Please set down, unchanged, each line from the one with "Sila Nerangalil Sila" to the final line of the data below, both included. Drop the pictures.
** Opening Given information block **
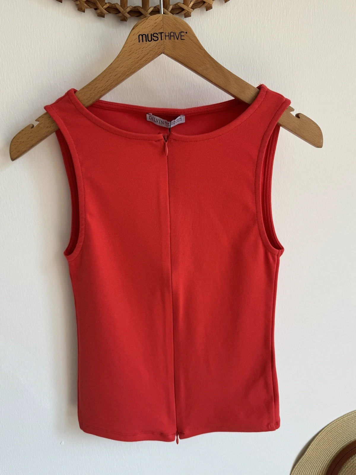 ÖN GİZLİ FERMUAR DETAY PAMUK LİKRA ATLET – KIRMIZI
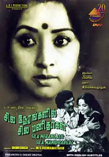 Sila Nerangalil Sila Manithargal (transl. Some people at some moments) is a 1977 Indian Tamil-language romantic drama film directed by A. Bhimsingh and written by Jayakanthan. Based on Jayakanthan's novel of the same name, it stars Lakshmi and Srikanth, with C. K. Nagesh, Y. G. Parthasarathy, R. Neelakantan, Sukumari and S. Sundari Bai in supporting roles. The film revolves around a girl from an orthodox family whose life changes after a one-night stand.
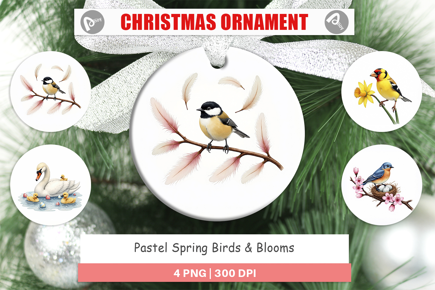 Sublimation Designs Diy Gift Idea Ornament Design Png Round Ornament Sublimation Printable Holiday Gift Birds And Blooms Pastel Spring Birds Spring Blooms Decor Spring Garden Gift Pastel Floral Ornament
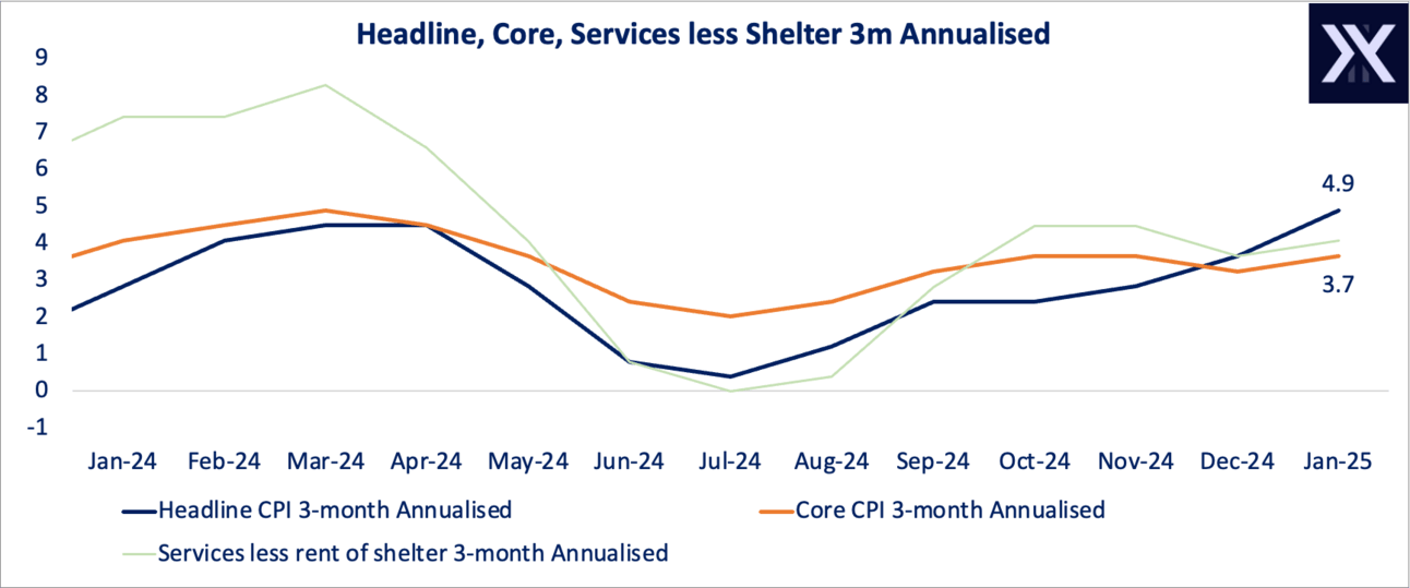 The Headline CPI has moved from a low of 2.4% YoY in September to 3% today in just 5 months, coinciding with the beginning of the Fed’s cutting cycle. Core CPI now looks to be forever stuck in the 3.2-3.3% region. In short, CPI is now moving away from the Fed’s target.
** Closing Given information block **
# Output:
 Sila Nerangalil Sila Manithargal (transl. Some people at some moments) is a 1977 Indian Tamil-language romantic drama film directed by A. Bhimsingh and written by Jayakanthan. Based on Jayakanthan's novel of the same name, it stars Lakshmi and Srikanth, with C. K. Nagesh, Y. G. Parthasarathy, R. Neelakantan, Sukumari and S. Sundari Bai in supporting roles. The film revolves around a girl from an orthodox family whose life changes after a one-night stand.
 Sublimation Designs Diy Gift Idea Ornament Design Png Round Ornament Sublimation Printable Holiday Gift Birds And Blooms Pastel Spring Birds Spring Blooms Decor Spring Garden Gift Pastel Floral Ornament
 The Headline CPI has moved from a low of 2.4% YoY in September to 3% today in just 5 months, coinciding with the beginning of the Fed’s cutting cycle. Core CPI now looks to be forever stuck in the 3.2-3.3% region. In short, CPI is now moving away from the Fed’s target.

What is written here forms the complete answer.